A Yale study has identified the neuroreceptor whose malfunction is thought to cause cognitive diseases such as schizophrenia.
Published in the Feb. 20 issue of the journal Neuron, the study examines the role NMDA receptors in the prefrontal cortex of the brain play in determining the onset of illness. Yale neurobiology professor and paper senior author Amy Arnsten said scientists already knew genetic defects led to NMDA defects, adding that the study examined why genetic alterations to NMDA receptors were associated with thought disorders. Arnsten said understanding the function of NMDA receptors is key to understanding mental illness.
“That’s the receptor you need for highly developed circuits [in the brain] to talk to each other,” she said. “This will provide clarity for therapeutic development.”
Arnsten said the study was based on “wonderful collaboration” between Yale’s Psychiatry and Mathematics departments, along with the Mount Sinai School of Medicine, where the electron microscopy necessary for the project was conducted. Working under Psychiatry Department chair John Krystal MED ’84, the Yale laboratory exposed human subjects to low doses of the anesthetic ketamine, which researchers discovered affected NMDA receptors and induced schizophrenia-like symptoms in the subjects. Although these symptoms were transient, the human subjects demonstrated impaired cognitive functions typical of the disease.
“When healthy people get a low dose of ketamine, it produces behavioral changes resembling schizophrenia,” Krystal said. “[The anesthetic] also doesn’t activate the prefrontal cortex [of the brain] when it’s having its effect.”

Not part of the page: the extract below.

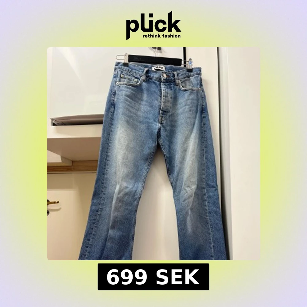 Två par jeans från Hope i storlek 28 för 699kr. Ett par i klassisk blå denim och ett par i grått. Jeansen är använda vardagligen och båda har varsin ihopsydd ficka och uppslitet tyg vid nederkanten.

Xiao-Jing Wang, formerly a Yale neurobiology professor and now a faculty member at New York University, provided the mathematical models of brain circuits examined in the study. These models predicted that NMDA receptors would be utilized by these circuits. Wang said he conducted his mathematical modeling research after realizing working memory must be mathematical. He defined working memory as the memory retained once there is no immediate stimulus present, such as remembering a particular telephone number.
“The ability to hold something in your mind when the stimulus is not there grants the freedom to do what you want without the stimulus,” he said.
Krystal said the project was initiated decades ago through his interactions with Arnsten and the late Yale neuroscience professor Patricia Goldman-Rakic.
“[Goldman-Rakic] was a pioneer in seeing how the prefrontal cortex guides behavior,” he said.
He said this study continued Goldman-Rakic’s research hypothesis that nerve cells retained activity when ideas were generated.
Arnsten said her future research will focus on other molecules that might weaken or impair cognition.
“We are in great need of better understanding and better treatment of serious mental illness,” she said. “The only way to do that is to understand molecular influences on higher cognitive functions.”
Eight of the 10 authors of the paper published in Neuron are affiliated with Yale.